Can Software Routers Scale? April 30, 2009

Filed under: R09. Can Software Routers Scale? — giledelman @ 4:23 pm

Three Important Things:

  • Software routing was not taken seriously as an enterprise solution at the time when this paper was written. This was mainly due to the accepted notion that they do not scale well and that commodity hardware could not compete with specialized hardware routing solutions. A high level sanity check calculation challenges this notion, showing that a shared-bus architecture can scale up to 10Gbps with the bottleneck in the memory bus. A multi-processor mesh architecture could scale up to 40Gbps. The reason for this improvement is that the mesh approach replaces the FSB with multiple point-to-point links.
  • In order to ground these calculations the authors implemented a shared bus architecture proof-of-concept system and ran several experiments. These experiments quantified the FSB bottleneck by showing that the address bus was 70% utilized, close to a known saturation point. Based on the results, the authors suggest several ideas for improvement that would allow scaling up to and beyond 10Gbps: batch handling of packet descriptors, Direct Cache Access implementation, mesh architectures.
  • Another concern in software routing solutions is making sure that the internal switching scales appropriately as the load and number of ports increases. Deterministic internal switching is ruled out because it would require that the interconnect run at a higher speed than the incoming line. Instead a dynamic load balanced approach is proposed, referencing work done by Valiant et al. Randomly choosing packet routes introduces potential problems of packet reordering however the authors claim that these can be mitigated by enforcing deterministic ordering on short bursts of packets as these are at the highest risk for reordering.

Glaring Problem:
By the author’s own admission, the paper is intended as a light overview of software routing solutions. As such, it ignores many issues related to large scale deployment. Routing companies and their customer have a vested interest in hardware solutions that by their natures cannot be upgraded. Despite its numerous benefits, software routing would need to blow existing solutions out of the water in order to be adopted, and it is not clear that this is the case.

Future Work:
The suggestion of applying software solutions to routing architecture is largely unexplored, and the authors mention several avenues for future research. These would entail a rigorous analysis of  cluster configurations, power, cooling, as well as large scale prototyping.  In addition to these, I would add that a cost/throughput analysis is very important in order to justify the use of commodity machines. Also, software routing raises a bigger issue regarding the overall routing architecture of the internet. Another avenue for exploration could be how to scale our routers with hybrid hardware/software solutions.

 

Can Software Routers Scale? April 30, 2009

Filed under: R09. Can Software Routers Scale? — ameenakel @ 4:23 pm
Tags:

(i) the three most important things the paper says

One of the most important things that this paper says, although the observation is not conclusive, is that it is feasible to generate multi-Gb routing speeds by using solely commodity PC parts.  This leads to the possibility of having software routing for higher speed links in the future.  I should note that the calculations and benchmarks used were not conclusive and were solely for “basic feasibility” (as the authors mentioned in the paper).  The next most important thing that the paper articulates is the need for non-typical switching topologies, which would be a whole new field of research within itself.  The authors noted that the number of interface ports on a typical server motherboard is not likely to scale (without producing specialized hardware, which was against the ideas set forth in the paper), so they must adapt their ideas to fit the hardware available.  A third important observation of the paper includes the conclusion that simplified high-level models of router operation on commodity PC hardware may actually reflect, to some accuracy, the actual operation of those routing ideas on the hardware.

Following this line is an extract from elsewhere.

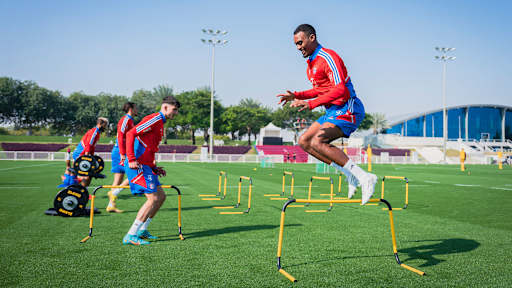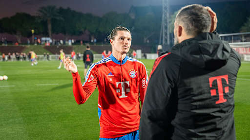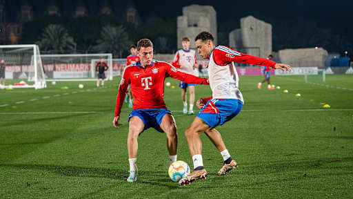 Two intense training sessions, a press conference with Nagelsmann and Sabitzer joining the group: the third day of Bayern's winter training camp in Doha in pictures.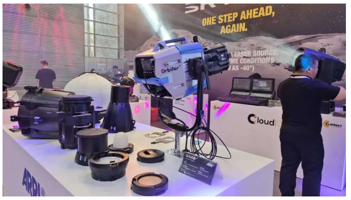 雅江光電充分利用展位空間,打造流線型結(jié)構(gòu),劃分設(shè)置“前臺(tái)區(qū)”、“ARCTIK展示區(qū)”、“SILVER STAR展示區(qū)”、“客戶休息區(qū)”、“控臺(tái)區(qū)”五大空間區(qū)域。分設(shè)“交互式投影展示位”、“頂部燈箱展示位”兩大燈光展示區(qū)域。有效展示雅江光電2023主推新品,為觀眾留下深刻印象。

(ii) the most glaring problem with the paper

The most glaring problem with this paper is the fact that there is little to no actual data presented and much of the observations presented had to be taken at face value.  Also, even though the models presented matched with the basic tests that were performed for this paper, it might not be the case that this carries over to the actual implementation of the routing system itself.  I feel that actual simulation might not reflect the results presented in this simple model as well as the authors would lead us to believe.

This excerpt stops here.